Step 3: Break down by job class

Different pipeline jobs usually fail for different reasons.

  • Unit tests, often CPU-bound and sensitive to dependency restore
  • Integration tests, often environment-bound and database-heavy
  • UI tests, often dominated by browser startup, waits, and app readiness
  • Packaging jobs, often I/O-bound or artifact-heavy

If only UI jobs are slow, do not waste time tuning unit test parallelism. If every job is slow, inspect runner saturation and shared infrastructure first.

Step 4: Look at percentile drift

The p95 is often more important than the average in CI. A small number of slow runs can block merges, extend release windows, and create a perception that the entire system is unreliable.

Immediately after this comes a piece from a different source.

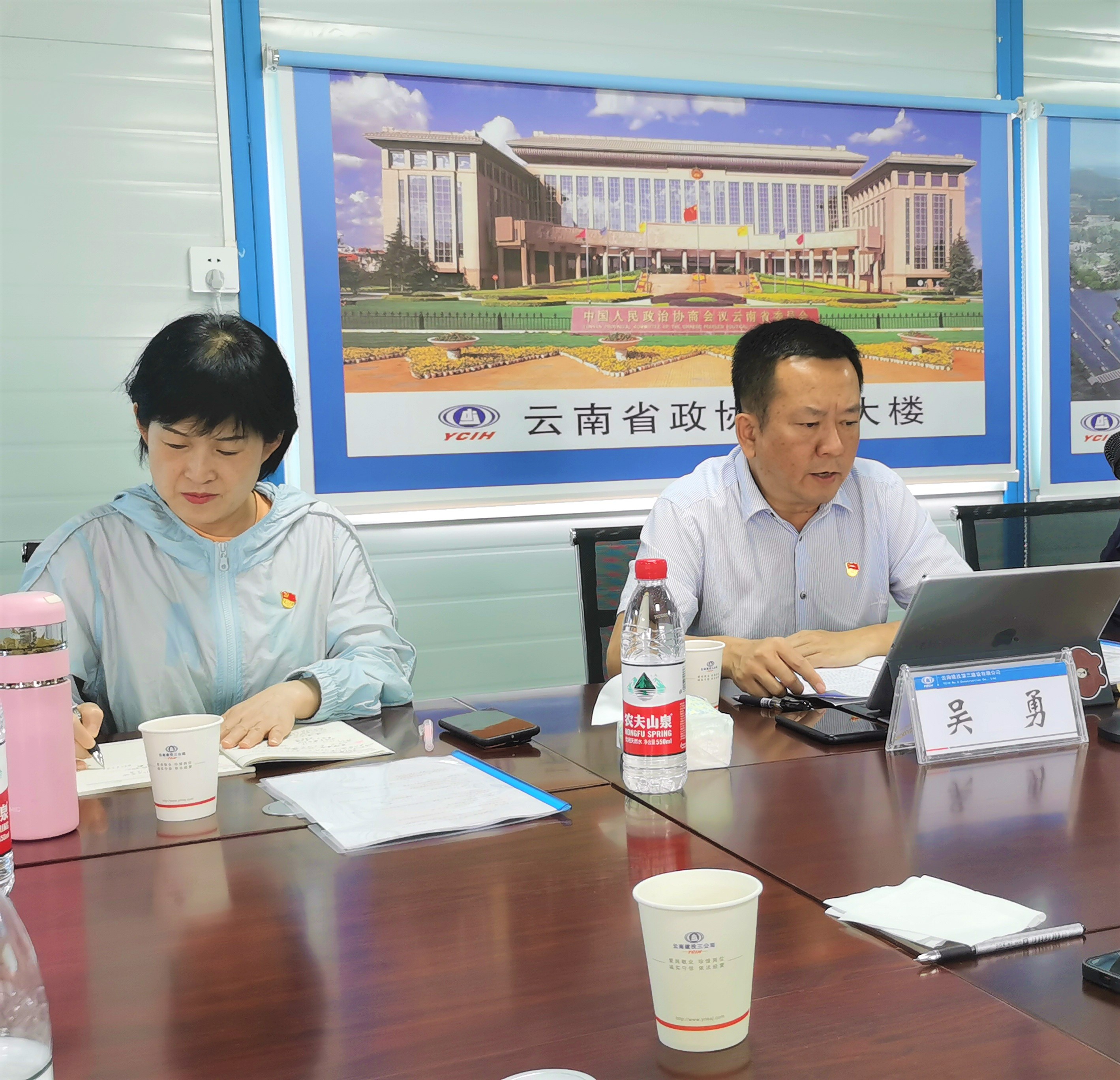 6月18日,公司黨委書記、董事長吳勇攜黨委副書記、工會主席張欣一行到第一直管項目部云南昆明血液中心呈貢項目開展黨史學習教育專題宣講,指導黨建工作。

When teams say “the pipeline feels slow,” they are often describing variance, not mean runtime.

Why tests can look healthy while builds get slower

A healthy test suite can coexist with a slow pipeline for several reasons.

The test logic is stable, but infrastructure is not

Maybe the tests run in the same amount of time, but runner images have grown, dependency downloads have increased, or external services have become slower. The test suite passes, but the build is still slower because the environment is doing more work around it.

Cached work stopped caching well

A subtle cache key change, dependency lockfile churn, or container image invalidation can cause repeated cold starts. Test reports will still look good because the tests themselves are fine, but the pipeline pays the cost every time.

Parallelism is hiding in the wrong place

Tests may be parallelized inside a job, while the pipeline remains serial across jobs. In that case, each individual test can be healthy, but the full workflow is still bottlenecked by staged dependencies or fan-in sequencing.

A few steps dominate the critical path

If your pipeline has 20 steps and 2 of them account for 80 percent of total time, you need critical-path analysis, not average step analysis. Shortening non-critical steps will not change build time much.

External calls are slowing the build

Package registries, container registries, artifact stores, license checks, and internal APIs can all add latency. The tests still pass, but the surrounding ecosystem is slower than it used to be.

Instrumentation ideas that actually help

You do not need a full observability platform to start measuring. You do need consistent timestamps and enough metadata to group runs meaningfully.

Add timing to each phase in CI logs

For script-driven pipelines, print timestamps before and after major steps.

start=$(date +%s)
echo "[checkout] $(date -Is)"
git fetch --depth=1 origin main
checkout_done=$(date +%s)
echo "[deps] $(date -Is)"
npm ci
install_done=$(date +%s)
echo "checkout_seconds=$((checkout_done - start))"
echo "deps_seconds=$((install_done - checkout_done))"

This is crude, but it is enough to separate checkout from dependency work in a way that can be graphed later.

Emit test timing per spec or file

For browser or integration tests, collect per-spec duration so slow paths become visible.

import { test } from '@playwright/test';
test('checkout flow', async ({ page }) => {
  const started = Date.now();
  await page.goto('/checkout');
  await page.getByRole('button', { name: 'Place order' }).click();
  console.log(`checkout_flow_ms=${Date.now() - started}`);
});

If a specific test keeps drifting, the problem may be an app change, a new wait condition, or a shared environment dependency.

Track cache hit rate

A cache that exists but misses often is just extra complexity. Record cache hits and misses per job type, especially for dependencies, browser binaries, and build artifacts.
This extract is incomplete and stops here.